By some strange but constant law of man's perverse fallen nature, improvements, whether mechanical or moral, have always to encounter and triumph over suspicion, prejudice, and aversion. This is especially the case among the

working classes in any mechanical changes.

The following was related by the Rev. T. Newsome, in a speech at a public meeting in Beverley.

In a certain village the people were accustomed to carry almost everything upon their heads; however, heavy the burden, they must have it on the head. A gentleman feeling alarmed for the people, introduced wheel-barrows amongst them, believing that to be a safer and easier mode of conveyance. One day a man having got his wheelbarrow well loaded, was wheeling it away, when lo! he suddenly fell out with the new scheme, and getting a man who was passing to help him, he lifted barrow and goods upon his head in the good old way, and then walked on, apparently perfectly satisfied.
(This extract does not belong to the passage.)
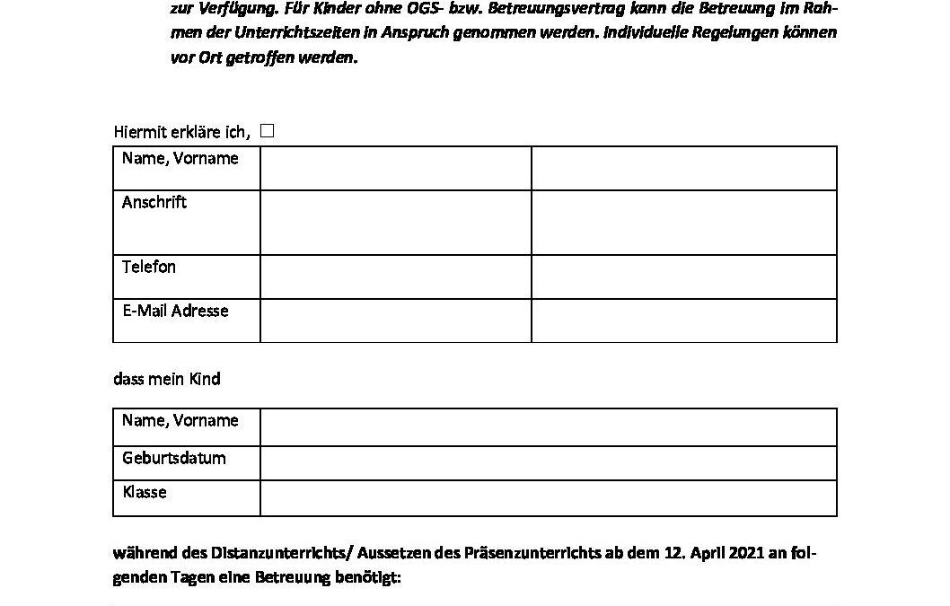 Anmeldung Betreuung ab dem 12.04.2021

On the construction of the only railway which has been made in the island of Jamaica, it is stated that the native labourers were supplied with barrows for the purpose of removing the earth. When these men began to work, they placed these vehicles, laden with earth, upon the top of their heads; and it was not without much expostulation that the English foremen were enabled to induce them to try the effect of placing the barrow on a plank, and wheeling instead of carrying the load.

THE WORLD'S INGRATITUDE.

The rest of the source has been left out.